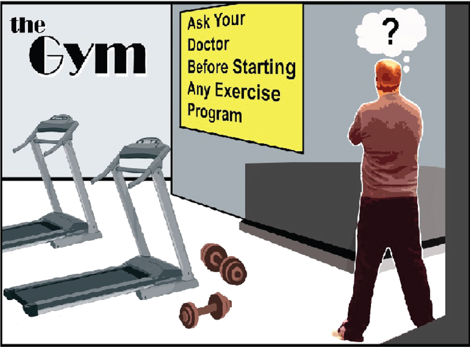 It is understandable that patients often lack, and struggle to understand, risk related information. They typically do not think about the nature and magnitude of risk at issue, and they may know little about the various consequences of risk reduction. Often assessment of risk, especially when the risk includes death, is handled with emotions and intuitive thinking. Most exercise facilities typically have the visually salient nudge: "Ask Your Doctor before Starting Any Exercise Program" (Figure 1).
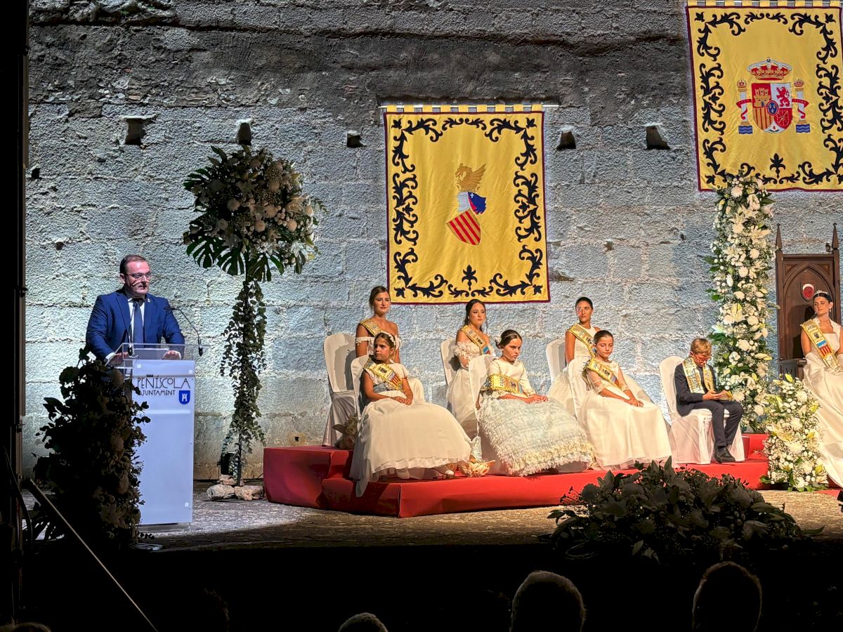 Peñíscola se reunió anoche para proclamar a su Reina, Damas y Caballeros de la ciudad. Al finalizar, los vecinos y vecinas de Peñíscola rindieron pleitesía a los nuevos representantes de los festejos con un baile de gala tras la coronación, con el que inauguraron los días dedicados a su Patrona, la Virgen de Ermitana.
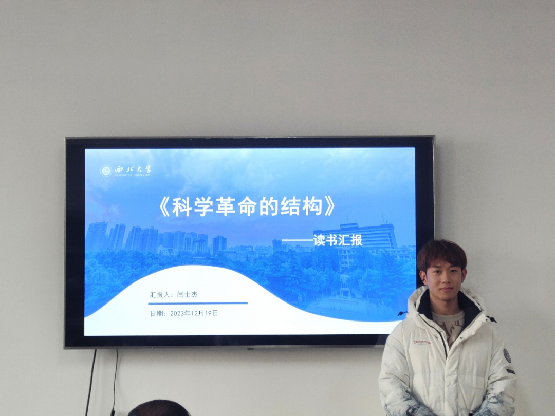 2023级行政管理专业硕士研究生闫士杰分享的书目是托马斯·库恩的《科学革命的结构》,他的汇报围绕研究背景、思路逻辑、主要内容和观点、不足与现实启示展开。他首先介绍了库恩的身平以及写作背景。其次,他概括提出了本书的思路逻辑:第一章绪论提出质疑,第二章到第五章讲述“范式”理论特征,第六章到第九章对科学过程进行描述,第十章到第十三章是科学革命的诠释与意义。紧接着,他详细介绍了范式与科学革命、“不可同约性”、科学发展的阶段等观点。最后,他基于自身专业和所学知识提出了自己的读书感悟。
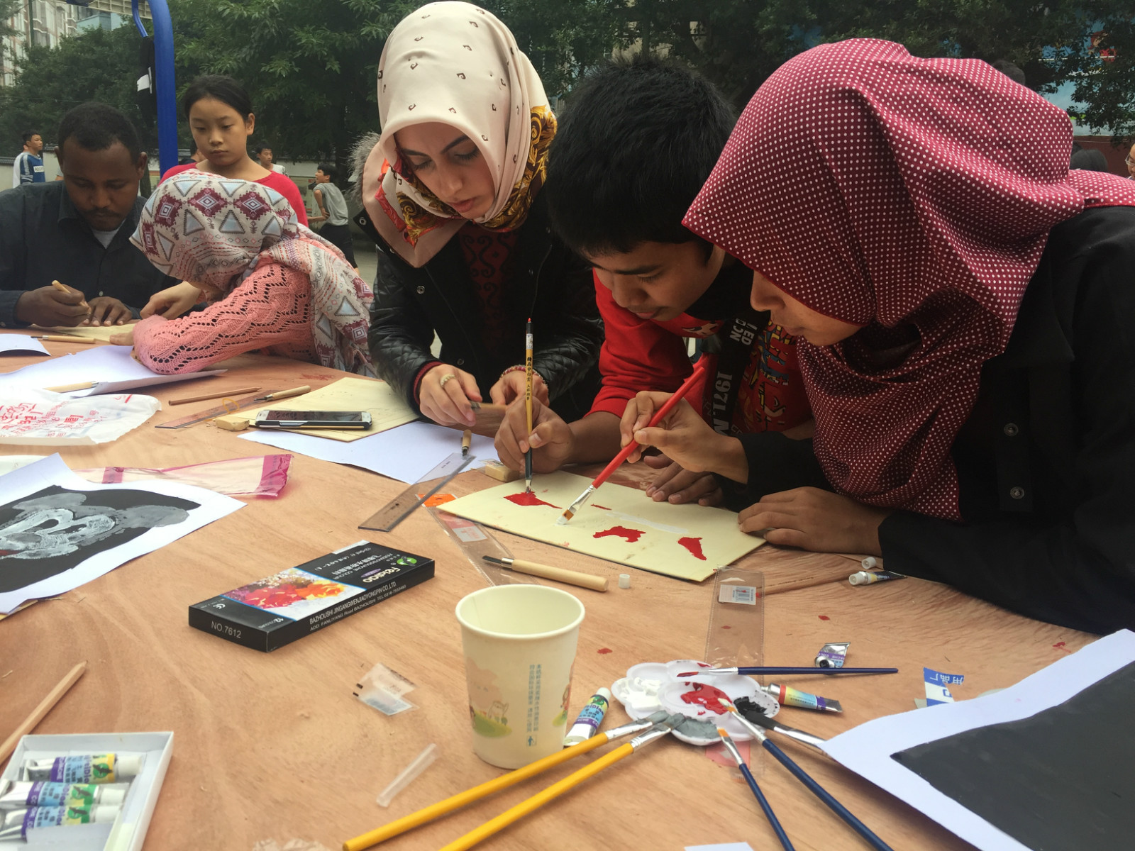 下午,同学们来到东溪镇综合文化站体验中国版画艺术。文化站工作人员介绍了农民版画之乡綦江的农民版画历史渊源。农民版画家邓先生给职工们仔细讲解了版画粗描、细描、手法、刀法、打底、上色、印压等刻画步骤及注意事项。随后,职工们分为36个小组,尝试进行版画创作。有的刻下了自己国家的地图,有的将中国国旗和自己国家的国旗刻在一起,有的刻上中国传统的龙凤图案……大家纷纷感叹,版画需要艺术细胞和丰富的想象力,更需要灵巧的双手和坚强的毅力,真的难以相信那么精巧、细密、艳丽的版画出自当地农民们“粗糙”的双手。
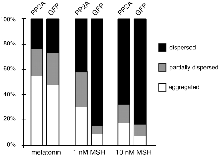 Figure 2. Overexpression of PP2A inhibits melanosome dispersion at low levels of cAMP. Cells transfected with plasmids encoding the HA-tagged PP2A catalytic subunit or GFP were treated with 25 μM dexamethasone for 24 h to induce PP2A expression. Cells were then treated with 10 nM melatonin for 1 h to aggregate pigment, followed by 1 nM or 10 nM MSH for 30 min. PP2A-expressing cells were identified by immunofluorescent staining with an antibody to HA, and 100 cells were scored per treatment. The data is from a typical experiment; similar results were obtained in three independent experiments.
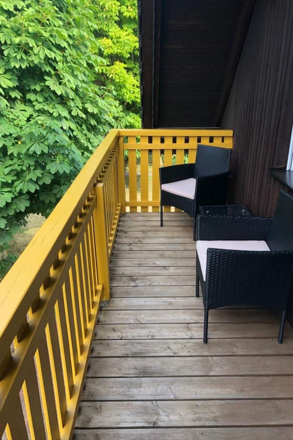 The ground floor flat "Fuchsbau" extends over 55 m² and boasts an adjoining sun terrace with a barbecue fireplace. A spacious living room, which flows into a modern fitted kitchen, offers the perfect setting for family life with its cosy sofa set and dining area. Large panoramic windows provide light-flooded rooms and direct access to the terrace. Two inviting bedrooms and a bright bathroom with shower round off the offer. The upper flat "Eulennest" impresses with similar furnishings, complemented by two charming balconies that invite you to linger at any time of day.
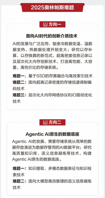 研究方向聚焦两大前沿领域:一是“面向AI时代的创新介质技术”,探索超高密度信息记录和层次化大内存技术,通过“以存补算、以存换算”提升计算效率;二是“Agentic AI原生的数据底座”,构建“数据存管用”一体化平台,突破知识提取、多模态表征等关键技术。
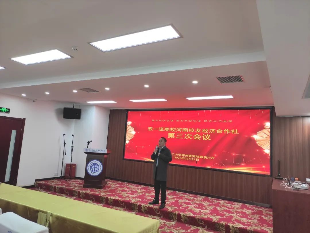 2月27日,双一流高校河南校友经济合作社第三次会议在大连理工大学郑州研究院顺利召开。与会嘉宾40余位,另有70余位嘉宾线上参与。吉林大学、中国人民大学、湖南大学、西北农林科技大学、西安交通大学、华中科技大学、重庆大学、郑州大学、天津大学、兰州大学、山东大学、哈尔滨工业大学、北京理工大学、北京师范大学,以及大连理工大学郑州研究院于坦、大连理工大学洛阳研究院院长助理刘东升等高校的代表参与会议。会议由我校2003级建筑环境与设备工程专业白振华校友主持。

--

What needs to be done: Restating the data word for word is the task, and pictures are to be omitted.

Answer space:
 It is understandable that patients often lack, and struggle to understand, risk related information. They typically do not think about the nature and magnitude of risk at issue, and they may know little about the various consequences of risk reduction. Often assessment of risk, especially when the risk includes death, is handled with emotions and intuitive thinking. Most exercise facilities typically have the visually salient nudge: "Ask Your Doctor before Starting Any Exercise Program" (Figure 1).
 Peñíscola se reunió anoche para proclamar a su Reina, Damas y Caballeros de la ciudad. Al finalizar, los vecinos y vecinas de Peñíscola rindieron pleitesía a los nuevos representantes de los festejos con un baile de gala tras la coronación, con el que inauguraron los días dedicados a su Patrona, la Virgen de Ermitana.
 2023级行政管理专业硕士研究生闫士杰分享的书目是托马斯·库恩的《科学革命的结构》,他的汇报围绕研究背景、思路逻辑、主要内容和观点、不足与现实启示展开。他首先介绍了库恩的身平以及写作背景。其次,他概括提出了本书的思路逻辑:第一章绪论提出质疑,第二章到第五章讲述“范式”理论特征,第六章到第九章对科学过程进行描述,第十章到第十三章是科学革命的诠释与意义。紧接着,他详细介绍了范式与科学革命、“不可同约性”、科学发展的阶段等观点。最后,他基于自身专业和所学知识提出了自己的读书感悟。
 下午,同学们来到东溪镇综合文化站体验中国版画艺术。文化站工作人员介绍了农民版画之乡綦江的农民版画历史渊源。农民版画家邓先生给职工们仔细讲解了版画粗描、细描、手法、刀法、打底、上色、印压等刻画步骤及注意事项。随后,职工们分为36个小组,尝试进行版画创作。有的刻下了自己国家的地图,有的将中国国旗和自己国家的国旗刻在一起,有的刻上中国传统的龙凤图案……大家纷纷感叹,版画需要艺术细胞和丰富的想象力,更需要灵巧的双手和坚强的毅力,真的难以相信那么精巧、细密、艳丽的版画出自当地农民们“粗糙”的双手。
 Figure 2. Overexpression of PP2A inhibits melanosome dispersion at low levels of cAMP. Cells transfected with plasmids encoding the HA-tagged PP2A catalytic subunit or GFP were treated with 25 μM dexamethasone for 24 h to induce PP2A expression. Cells were then treated with 10 nM melatonin for 1 h to aggregate pigment, followed by 1 nM or 10 nM MSH for 30 min. PP2A-expressing cells were identified by immunofluorescent staining with an antibody to HA, and 100 cells were scored per treatment. The data is from a typical experiment; similar results were obtained in three independent experiments.
 The ground floor flat "Fuchsbau" extends over 55 m² and boasts an adjoining sun terrace with a barbecue fireplace. A spacious living room, which flows into a modern fitted kitchen, offers the perfect setting for family life with its cosy sofa set and dining area. Large panoramic windows provide light-flooded rooms and direct access to the terrace. Two inviting bedrooms and a bright bathroom with shower round off the offer. The upper flat "Eulennest" impresses with similar furnishings, complemented by two charming balconies that invite you to linger at any time of day.
 研究方向聚焦两大前沿领域:一是“面向AI时代的创新介质技术”,探索超高密度信息记录和层次化大内存技术,通过“以存补算、以存换算”提升计算效率;二是“Agentic AI原生的数据底座”,构建“数据存管用”一体化平台,突破知识提取、多模态表征等关键技术。
 2月27日,双一流高校河南校友经济合作社第三次会议在大连理工大学郑州研究院顺利召开。与会嘉宾40余位,另有70余位嘉宾线上参与。吉林大学、中国人民大学、湖南大学、西北农林科技大学、西安交通大学、华中科技大学、重庆大学、郑州大学、天津大学、兰州大学、山东大学、哈尔滨工业大学、北京理工大学、北京师范大学,以及大连理工大学郑州研究院于坦、大连理工大学洛阳研究院院长助理刘东升等高校的代表参与会议。会议由我校2003级建筑环境与设备工程专业白振华校友主持。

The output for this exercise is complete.